*DESCRIPTION OF THE TASK*
Word for word, copy the line containing "Apartamento muito bem" and every line after it in the records below, leaving pictures out.

*RECORDS FOR THE EXERCISE*
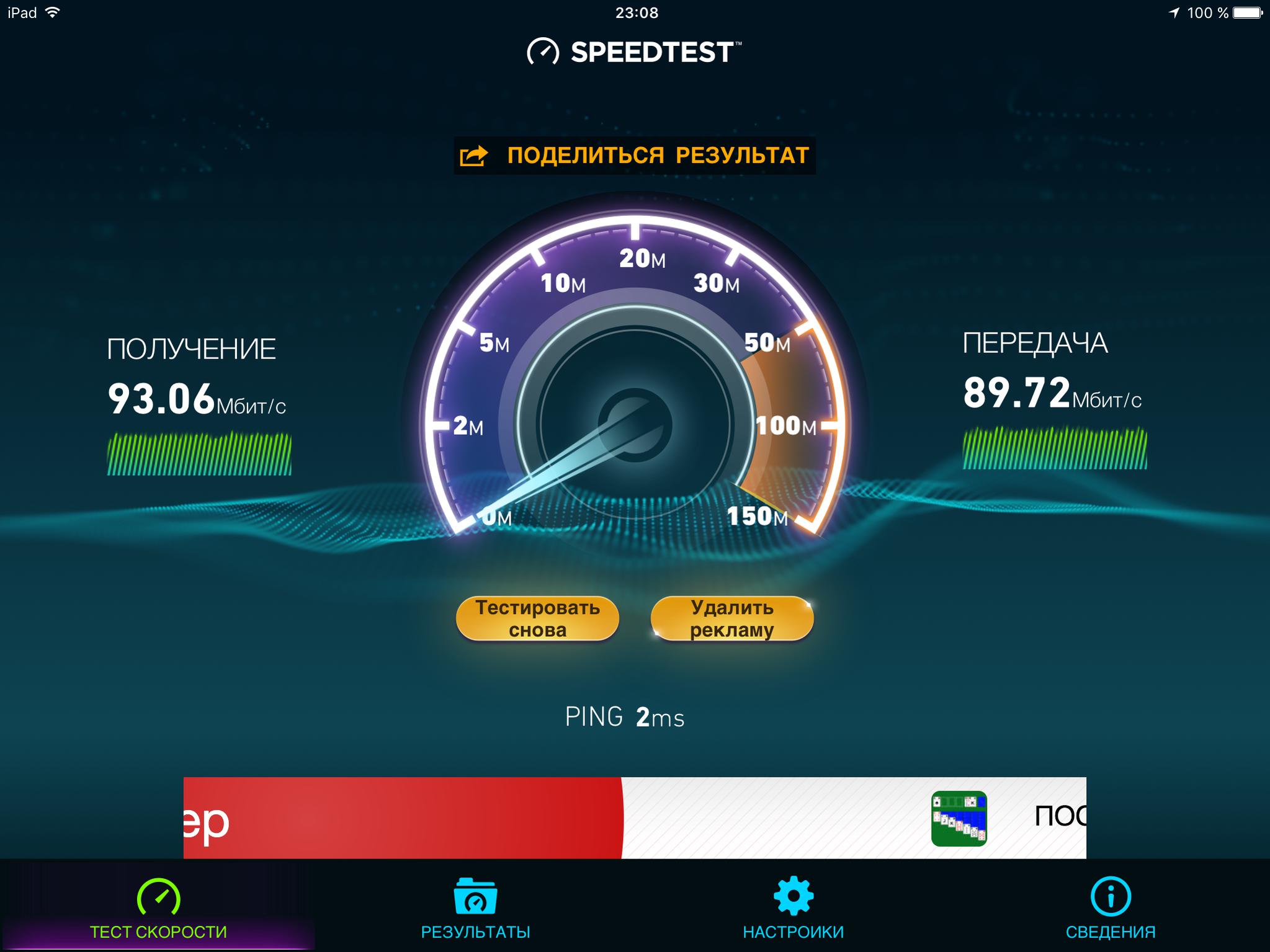 Подключили сегодня за 801 рубль. Скорость сейчас мерила - 90 Мбит. Печаль только, что теперь нет Парамаунт Камеди в телевизоре. Заявку подавала вчера поздно вечером. В 10 утра позвонили, в 11 сходила в офис, подписала допсоглашение и сразу все подключили. Правда телек сначала не смогли, через техподдержку доделывали. Радует, что теперь оплата 9 числа каждого месяца, а не раз в 30 дней. Экономия аж 700 рублей теперь на связи и прочем.
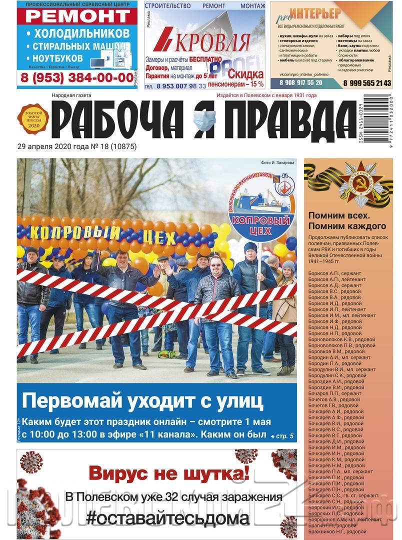 32 полевчанина заболели короновирусом. Поэтому в майские праздники сидим дома, читаем «Рабочую правду» и смотрим 11 канал. Берегите себя и ваших близких! (стр. 1)
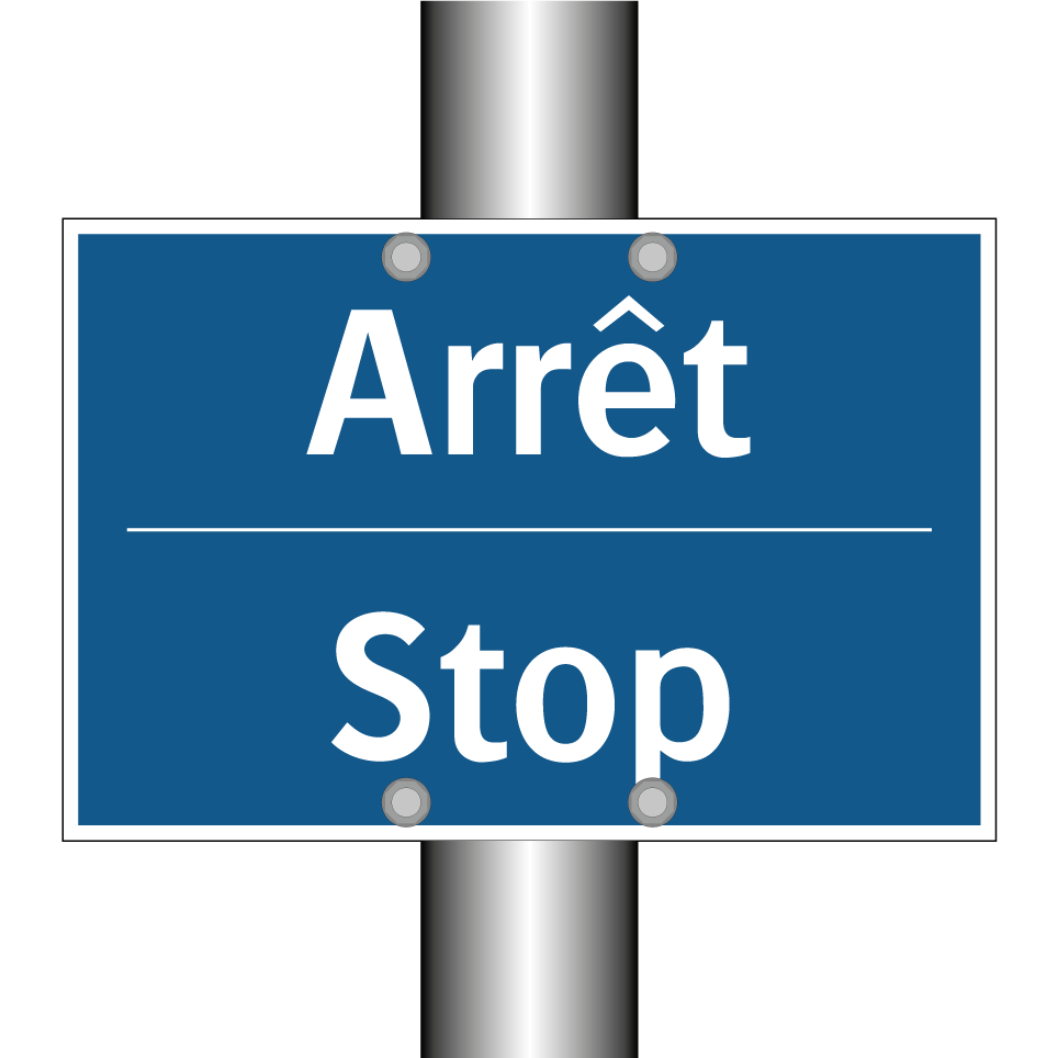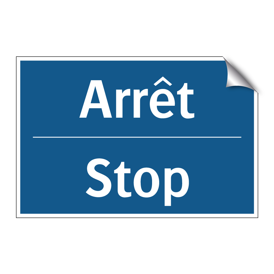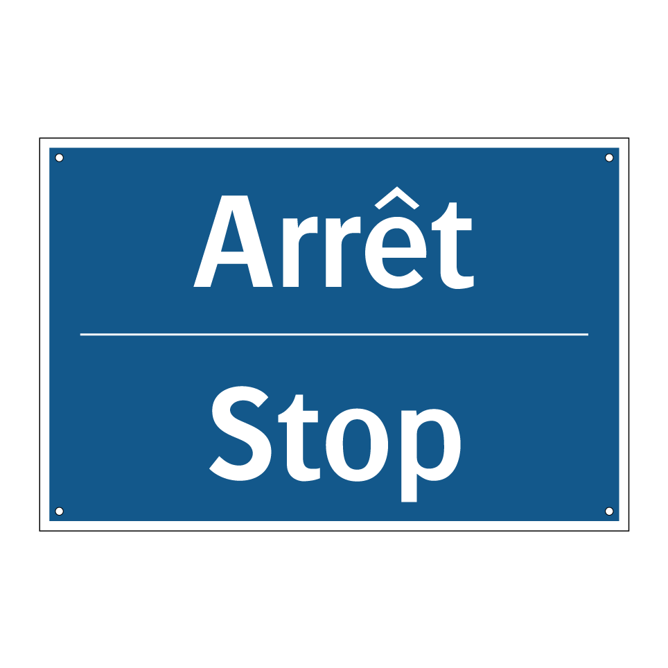 Panneau d'obligation bilingue avec texte en français : "Arrêt", et en anglais : "Stop"
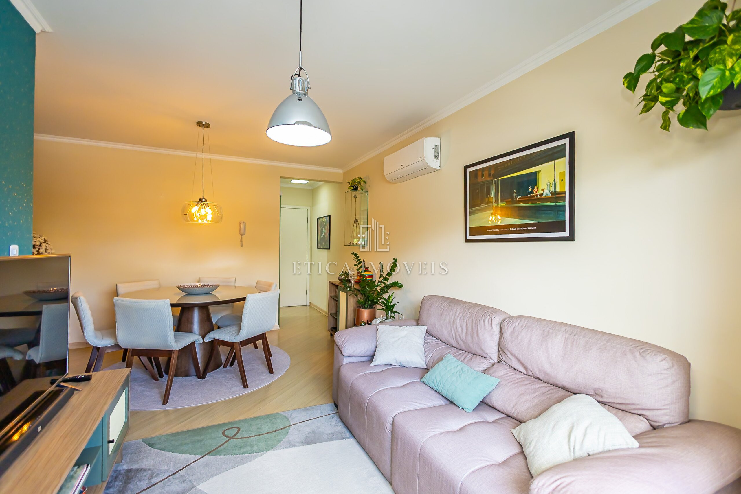 Apartamento muito bem cuidado, com 75m² privativos, ambientes bem distribuídos e excelente aproveitamento de espaço. São 3 dormitórios, sendo 1 suíte, todos com móveis planejados de ótima qualidade, além de ar-condicionado, pronto para morar.
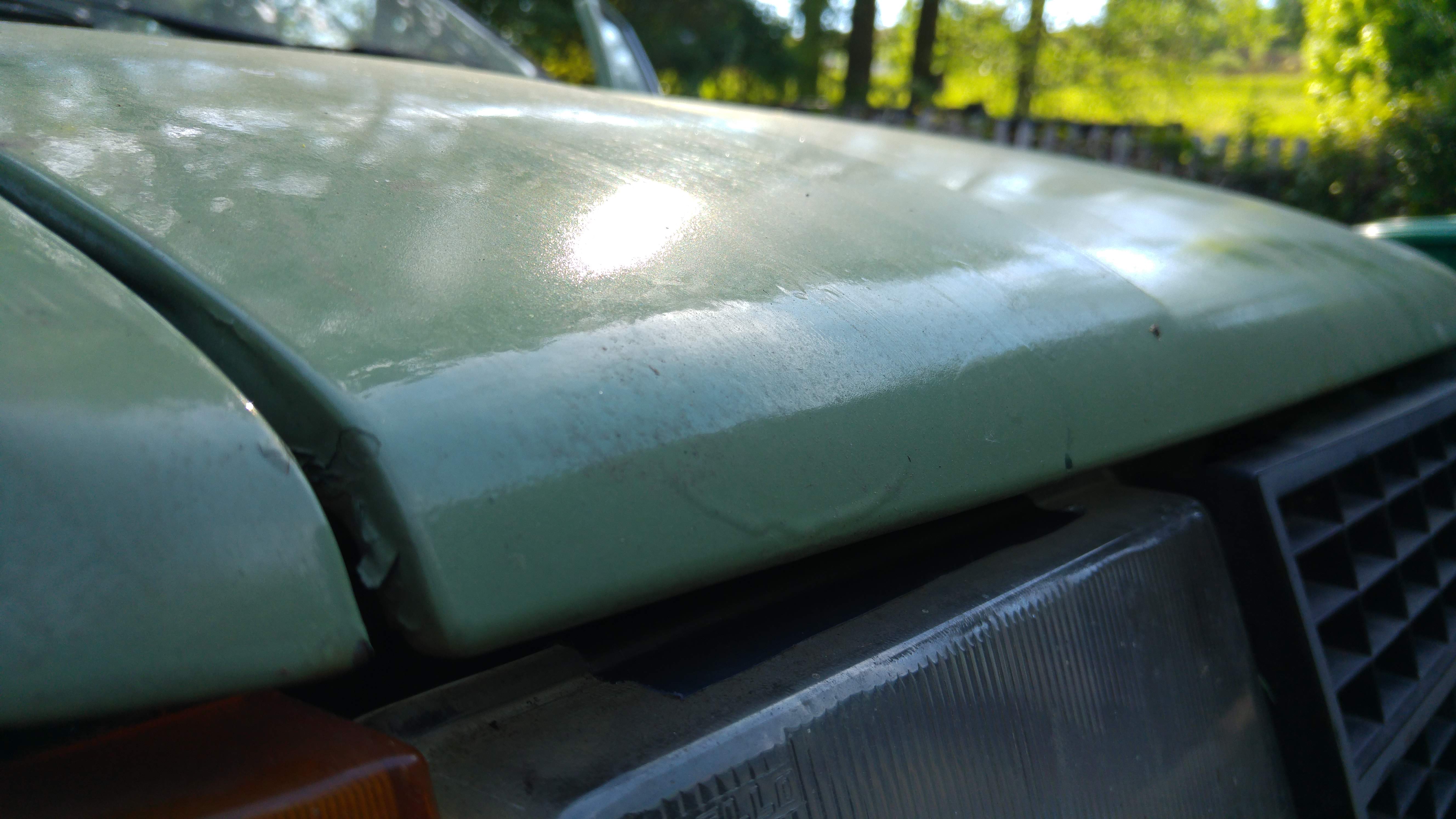 Die Haube habe ich mir als Probefläche für eine Neulackierung ausgewählt. Um nach den Problemen bei dem Lack am Combo mit den unterschiedlichen Farbtönen einfach vorzubeugen.

*TASK RESULT*
 Apartamento muito bem cuidado, com 75m² privativos, ambientes bem distribuídos e excelente aproveitamento de espaço. São 3 dormitórios, sendo 1 suíte, todos com móveis planejados de ótima qualidade, além de ar-condicionado, pronto para morar.
 Die Haube habe ich mir als Probefläche für eine Neulackierung ausgewählt. Um nach den Problemen bei dem Lack am Combo mit den unterschiedlichen Farbtönen einfach vorzubeugen.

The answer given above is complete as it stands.